**Work instructions**
All entries are to be transcribed exactly. Pictures are not part of the copy.

*** Data for this exercise Section Begins ***

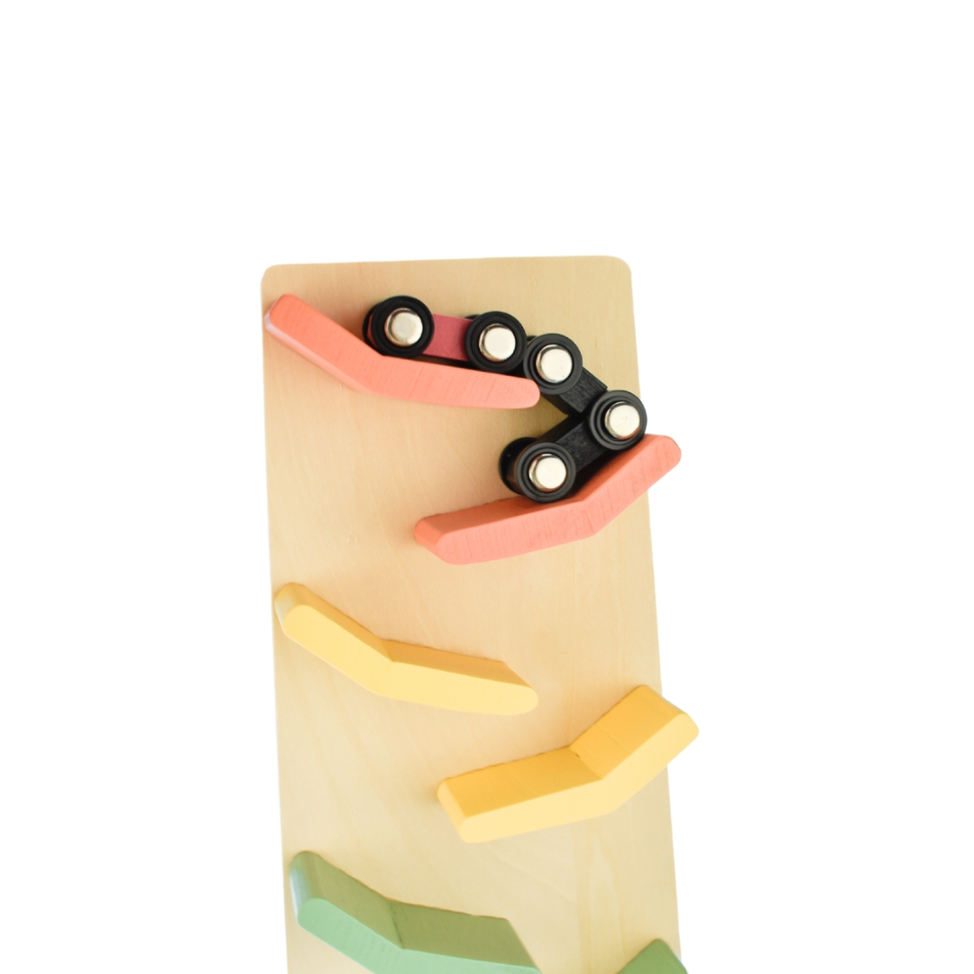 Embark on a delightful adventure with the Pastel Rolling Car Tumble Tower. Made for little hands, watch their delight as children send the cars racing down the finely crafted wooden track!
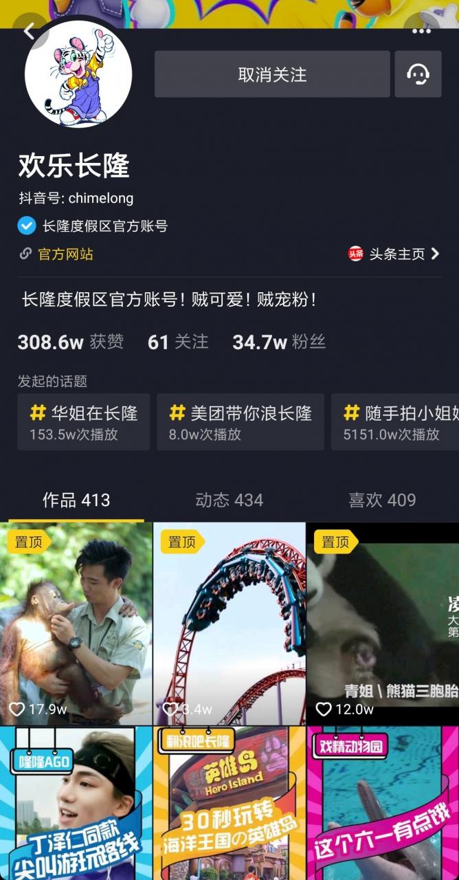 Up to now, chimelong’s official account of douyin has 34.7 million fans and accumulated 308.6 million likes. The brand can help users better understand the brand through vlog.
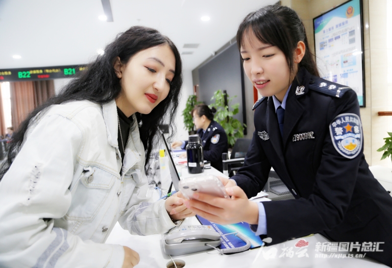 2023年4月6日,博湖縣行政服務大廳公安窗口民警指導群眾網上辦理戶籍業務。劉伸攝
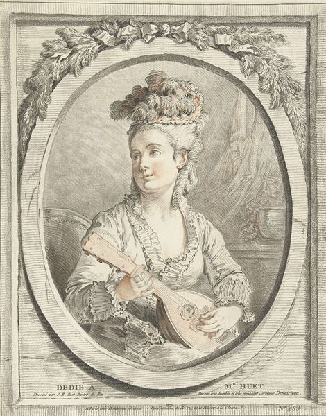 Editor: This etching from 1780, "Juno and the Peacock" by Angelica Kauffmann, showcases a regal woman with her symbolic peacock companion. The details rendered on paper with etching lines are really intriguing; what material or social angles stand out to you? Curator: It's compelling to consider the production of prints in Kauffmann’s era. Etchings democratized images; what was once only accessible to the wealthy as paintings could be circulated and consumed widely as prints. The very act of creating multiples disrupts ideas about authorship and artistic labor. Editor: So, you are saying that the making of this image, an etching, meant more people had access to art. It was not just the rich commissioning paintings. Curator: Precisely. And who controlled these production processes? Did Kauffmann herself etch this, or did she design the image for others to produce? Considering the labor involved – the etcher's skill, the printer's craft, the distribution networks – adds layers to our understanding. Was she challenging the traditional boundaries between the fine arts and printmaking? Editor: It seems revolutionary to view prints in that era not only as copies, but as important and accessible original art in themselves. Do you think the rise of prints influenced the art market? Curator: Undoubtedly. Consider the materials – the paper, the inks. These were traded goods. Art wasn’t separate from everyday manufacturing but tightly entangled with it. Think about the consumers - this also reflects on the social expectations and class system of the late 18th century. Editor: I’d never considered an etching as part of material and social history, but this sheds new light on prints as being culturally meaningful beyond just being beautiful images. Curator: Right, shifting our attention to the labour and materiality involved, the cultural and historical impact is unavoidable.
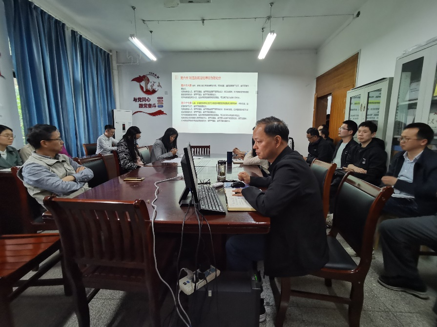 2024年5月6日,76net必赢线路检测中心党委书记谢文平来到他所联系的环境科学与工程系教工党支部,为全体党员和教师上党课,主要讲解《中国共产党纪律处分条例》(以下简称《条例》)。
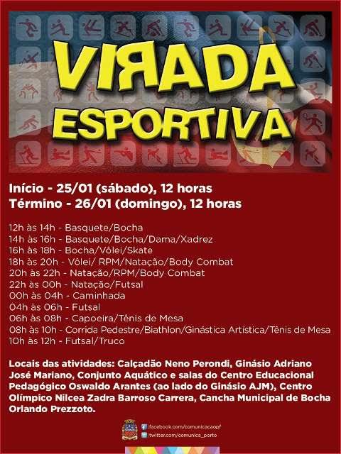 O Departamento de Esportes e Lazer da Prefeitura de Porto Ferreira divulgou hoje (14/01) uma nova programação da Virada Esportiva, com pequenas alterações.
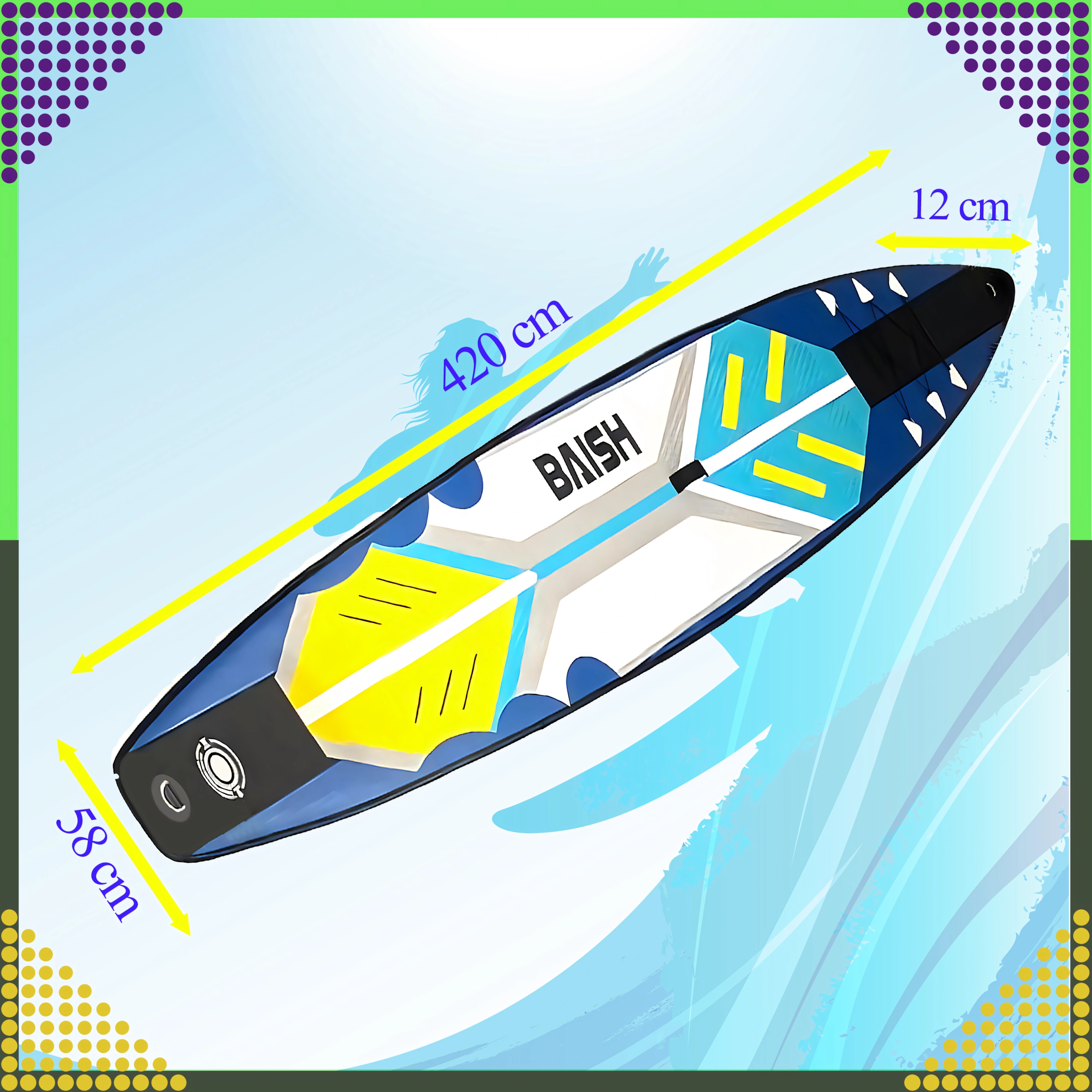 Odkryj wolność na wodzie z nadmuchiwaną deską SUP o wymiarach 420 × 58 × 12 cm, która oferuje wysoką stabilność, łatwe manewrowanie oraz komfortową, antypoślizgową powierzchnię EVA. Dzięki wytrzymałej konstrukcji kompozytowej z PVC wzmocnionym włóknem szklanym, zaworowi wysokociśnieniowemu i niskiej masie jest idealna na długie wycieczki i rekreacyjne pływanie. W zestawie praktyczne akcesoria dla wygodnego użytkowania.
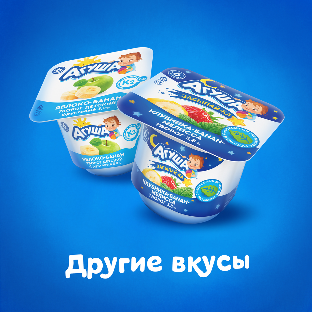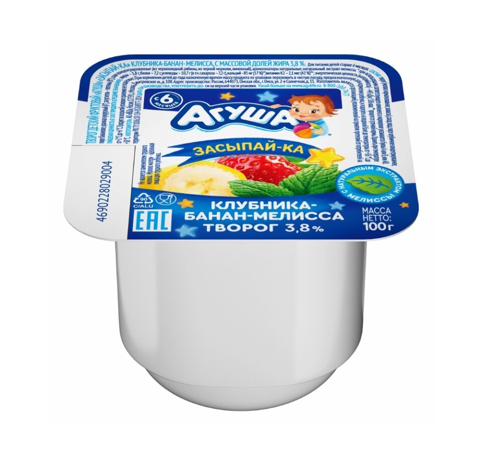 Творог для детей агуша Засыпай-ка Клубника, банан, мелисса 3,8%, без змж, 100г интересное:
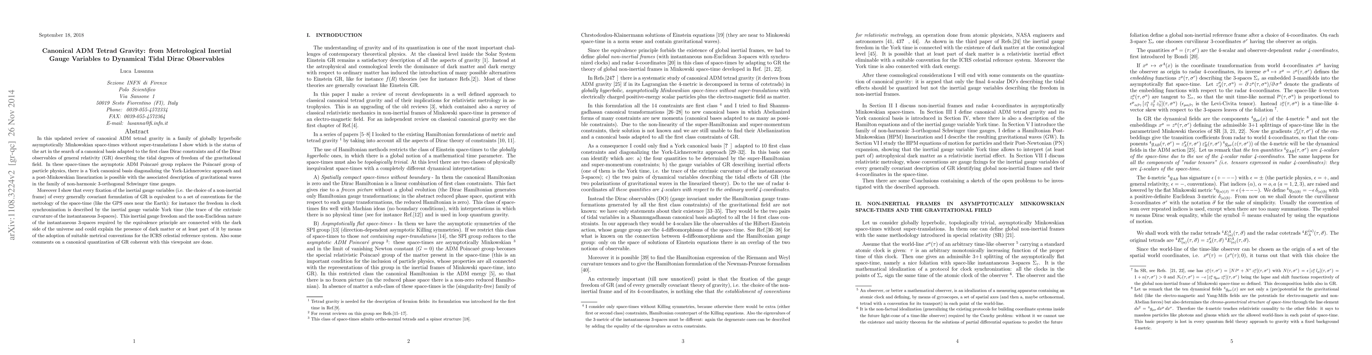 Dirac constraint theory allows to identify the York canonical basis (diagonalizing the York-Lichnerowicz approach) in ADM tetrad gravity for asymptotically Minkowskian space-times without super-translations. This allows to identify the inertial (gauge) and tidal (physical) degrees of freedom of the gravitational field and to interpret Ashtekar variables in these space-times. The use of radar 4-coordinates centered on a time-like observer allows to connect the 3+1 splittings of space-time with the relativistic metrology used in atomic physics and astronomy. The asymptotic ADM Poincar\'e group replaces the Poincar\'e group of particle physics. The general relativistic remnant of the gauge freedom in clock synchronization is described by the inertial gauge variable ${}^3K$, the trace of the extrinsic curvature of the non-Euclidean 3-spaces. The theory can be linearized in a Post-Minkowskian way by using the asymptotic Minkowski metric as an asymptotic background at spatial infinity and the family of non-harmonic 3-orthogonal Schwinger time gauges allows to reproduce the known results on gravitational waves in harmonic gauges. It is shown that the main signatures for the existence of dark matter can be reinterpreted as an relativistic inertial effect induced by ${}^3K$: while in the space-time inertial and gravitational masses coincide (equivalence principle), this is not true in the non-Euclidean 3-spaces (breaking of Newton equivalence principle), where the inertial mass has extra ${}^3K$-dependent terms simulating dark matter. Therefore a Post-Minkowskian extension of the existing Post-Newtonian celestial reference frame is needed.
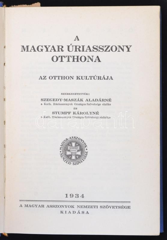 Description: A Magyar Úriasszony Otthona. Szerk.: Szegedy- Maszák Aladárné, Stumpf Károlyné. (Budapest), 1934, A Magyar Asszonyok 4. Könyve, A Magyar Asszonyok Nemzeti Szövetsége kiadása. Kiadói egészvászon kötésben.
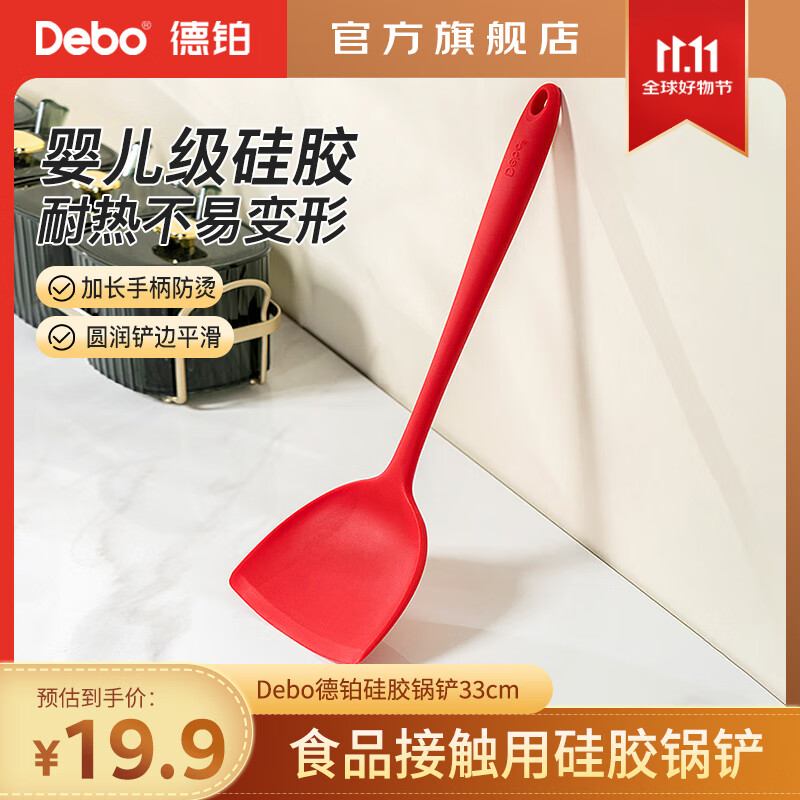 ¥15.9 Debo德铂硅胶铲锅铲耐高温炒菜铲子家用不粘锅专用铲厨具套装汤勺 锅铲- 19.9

*** Data for this exercise Section Ends ***

**Exercise answer**
 Embark on a delightful adventure with the Pastel Rolling Car Tumble Tower. Made for little hands, watch their delight as children send the cars racing down the finely crafted wooden track!
 Up to now, chimelong’s official account of douyin has 34.7 million fans and accumulated 308.6 million likes. The brand can help users better understand the brand through vlog.
 2023年4月6日,博湖縣行政服務大廳公安窗口民警指導群眾網上辦理戶籍業務。劉伸攝
 Editor: This etching from 1780, "Juno and the Peacock" by Angelica Kauffmann, showcases a regal woman with her symbolic peacock companion. The details rendered on paper with etching lines are really intriguing; what material or social angles stand out to you? Curator: It's compelling to consider the production of prints in Kauffmann’s era. Etchings democratized images; what was once only accessible to the wealthy as paintings could be circulated and consumed widely as prints. The very act of creating multiples disrupts ideas about authorship and artistic labor. Editor: So, you are saying that the making of this image, an etching, meant more people had access to art. It was not just the rich commissioning paintings. Curator: Precisely. And who controlled these production processes? Did Kauffmann herself etch this, or did she design the image for others to produce? Considering the labor involved – the etcher's skill, the printer's craft, the distribution networks – adds layers to our understanding. Was she challenging the traditional boundaries between the fine arts and printmaking? Editor: It seems revolutionary to view prints in that era not only as copies, but as important and accessible original art in themselves. Do you think the rise of prints influenced the art market? Curator: Undoubtedly. Consider the materials – the paper, the inks. These were traded goods. Art wasn’t separate from everyday manufacturing but tightly entangled with it. Think about the consumers - this also reflects on the social expectations and class system of the late 18th century. Editor: I’d never considered an etching as part of material and social history, but this sheds new light on prints as being culturally meaningful beyond just being beautiful images. Curator: Right, shifting our attention to the labour and materiality involved, the cultural and historical impact is unavoidable.
 2024年5月6日,76net必赢线路检测中心党委书记谢文平来到他所联系的环境科学与工程系教工党支部,为全体党员和教师上党课,主要讲解《中国共产党纪律处分条例》(以下简称《条例》)。
 O Departamento de Esportes e Lazer da Prefeitura de Porto Ferreira divulgou hoje (14/01) uma nova programação da Virada Esportiva, com pequenas alterações.
 Odkryj wolność na wodzie z nadmuchiwaną deską SUP o wymiarach 420 × 58 × 12 cm, która oferuje wysoką stabilność, łatwe manewrowanie oraz komfortową, antypoślizgową powierzchnię EVA. Dzięki wytrzymałej konstrukcji kompozytowej z PVC wzmocnionym włóknem szklanym, zaworowi wysokociśnieniowemu i niskiej masie jest idealna na długie wycieczki i rekreacyjne pływanie. W zestawie praktyczne akcesoria dla wygodnego użytkowania.
 Творог для детей агуша Засыпай-ка Клубника, банан, мелисса 3,8%, без змж, 100г интересное:
 Dirac constraint theory allows to identify the York canonical basis (diagonalizing the York-Lichnerowicz approach) in ADM tetrad gravity for asymptotically Minkowskian space-times without super-translations. This allows to identify the inertial (gauge) and tidal (physical) degrees of freedom of the gravitational field and to interpret Ashtekar variables in these space-times. The use of radar 4-coordinates centered on a time-like observer allows to connect the 3+1 splittings of space-time with the relativistic metrology used in atomic physics and astronomy. The asymptotic ADM Poincar\'e group replaces the Poincar\'e group of particle physics. The general relativistic remnant of the gauge freedom in clock synchronization is described by the inertial gauge variable ${}^3K$, the trace of the extrinsic curvature of the non-Euclidean 3-spaces. The theory can be linearized in a Post-Minkowskian way by using the asymptotic Minkowski metric as an asymptotic background at spatial infinity and the family of non-harmonic 3-orthogonal Schwinger time gauges allows to reproduce the known results on gravitational waves in harmonic gauges. It is shown that the main signatures for the existence of dark matter can be reinterpreted as an relativistic inertial effect induced by ${}^3K$: while in the space-time inertial and gravitational masses coincide (equivalence principle), this is not true in the non-Euclidean 3-spaces (breaking of Newton equivalence principle), where the inertial mass has extra ${}^3K$-dependent terms simulating dark matter. Therefore a Post-Minkowskian extension of the existing Post-Newtonian celestial reference frame is needed.
 Description: A Magyar Úriasszony Otthona. Szerk.: Szegedy- Maszák Aladárné, Stumpf Károlyné. (Budapest), 1934, A Magyar Asszonyok 4. Könyve, A Magyar Asszonyok Nemzeti Szövetsége kiadása. Kiadói egészvászon kötésben.
 ¥15.9 Debo德铂硅胶铲锅铲耐高温炒菜铲子家用不粘锅专用铲厨具套装汤勺 锅铲- 19.9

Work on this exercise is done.